“我呸!若不是你,我今夜已經離了這個林子,明早就到了下一個城鎮,至於這大半夜的在這裏喂蟲子?”擠兌慕容清,陸涵汐是不會客氣的,啐了他一口,陸涵汐有些鬱悶的撥拉著鼎裏的食物。
這還隻是開始,現在慕容清腳受傷了,日夜兼程自然是不可能,一路走走停停,何時才能到了邊關。
想起這個,陸涵汐自然是更加鬱悶,然後在考慮把慕容清丟下自己趕路可不可行。
畢竟自己並不是特別缺銀兩……
世人隻知秦王殿下是個戰神,卻不知道,秦王殿下還是個醋簍子……
“涵汐是在想如何把我拋下麼?”慕容清撈起鼎中的醃肉嚐了嚐,似乎非常滿意那個味道,細長的狐狸眼得意的眯了起來。
陸涵汐並沒有隱藏自己的內心,敲了敲下巴,毫不客氣的問他:“總得給我個理由讓你留下吧。”
她這個人,一向是非分明,慕容清這種敵友不分的,她還是少沾染比較好。
知道自己要被拋棄,慕容清也不惱,變戲法似的又變出兩個琉璃盞,盛了些肉遞給了陸涵汐。
“留還是不留,且看今晚如何?”
先前的事,慕容清並不解釋,也不打算解釋,隻說明天再說。
不過是一夜,陸涵汐覺得現在就走也委實不太方便,所以點了點頭,接過他遞過來的琉璃盞吃了起來。
吃飽喝足,困意席卷而來,陸涵汐將火堆移到不遠處,然後把毛氈鋪在剛剛被火堆烤過的幹燥的地麵上和衣躺了下來。
似睡非睡間,似乎有蟲鳴嗡嗡,陸涵汐側耳聽了一會兒,立刻警覺了起來。若是蟲鳴,自然是時斷時續,絕不可能響了這麼久。

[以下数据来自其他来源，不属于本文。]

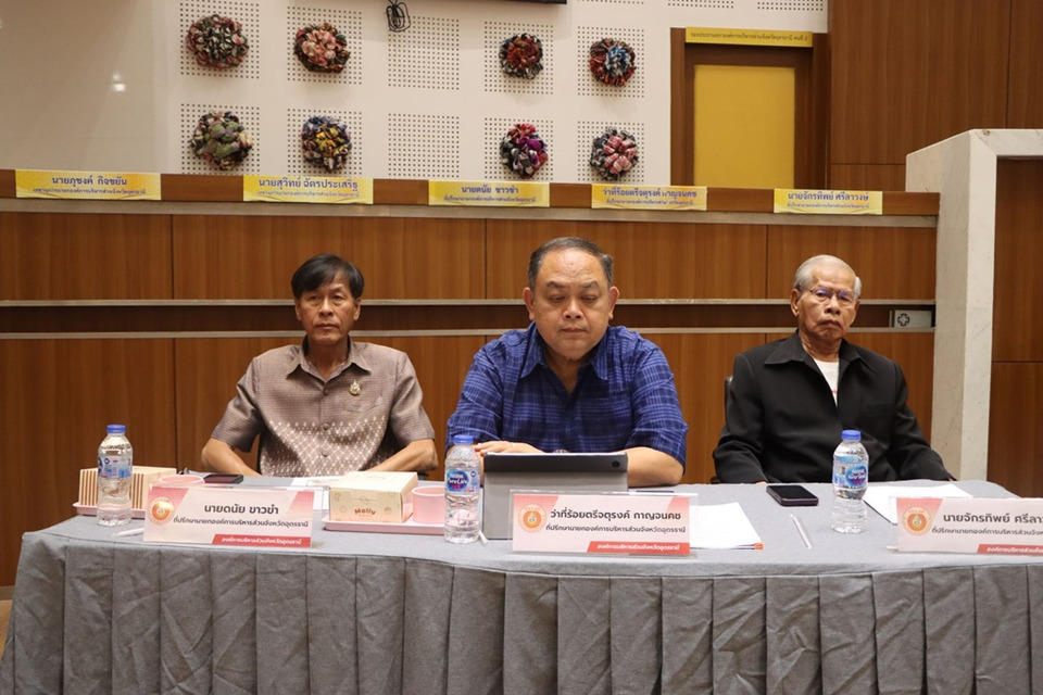 อบจ.อุดรธานีจัดประชุมหารือร่วมกับ อปท. เพื่อพัฒนาระบบน้ำประปาดื่มได้และขยายแหล่งกักเก็บน้ำต้นทุน 35 โครงการ พร้อมงบประมาณ 316 ล้านบาท เพื่อจัดหาน้ำอุปโภค-บริโภค และสำรองน้ำในฤดูแล้งให้ประชาชนในพื้นที่

她欲翻身坐起來,卻被一雙手按住了肩膀。慕容清就睡在她的身邊,覺察她有起身之意,悄悄的按住她,讓她不要輕舉妄動。
待蟲鳴聲散去,慕容清率先起身,一瘸一拐的往樹林深處走去,陸涵汐也連忙起身,警惕的看著周圍,四周樹葉沙沙,再也沒有別的聲音。
等到慕容清回來,手裏似乎拎了什麼東西,陸涵汐仔細分辨,發現竟是兩顆腦袋。
“現在,你可有讓我留下的理由了?”
月光皎皎,慕容清的長衫下擺處幾片血汙分外醒目,陸涵汐看了一眼那兩個首級,想了想,點了點頭。
方一出城就有人刺殺她,想必下定了決心要她的腦袋,一次不成,定然還有第二次,第二次不成,自然還有第三次。
寒蒔雖說教了她防身之術,可那並非萬全之策,隻能攻其不備,用的次數多了,也就沒了功效。
可是,慕容清竟然不動一個手指就把人傷於無形,眼下來看,不管他是敵是友,至少現在是可以合作的。
“既然如此,那小生就不客氣了。”見她點頭,慕容清喜笑顏開,笑眯眯的湊過來躺下睡覺。
一覺醒來,還是周圍的林子,陸涵汐鬆了口氣,默默的收拾了東西準備上路。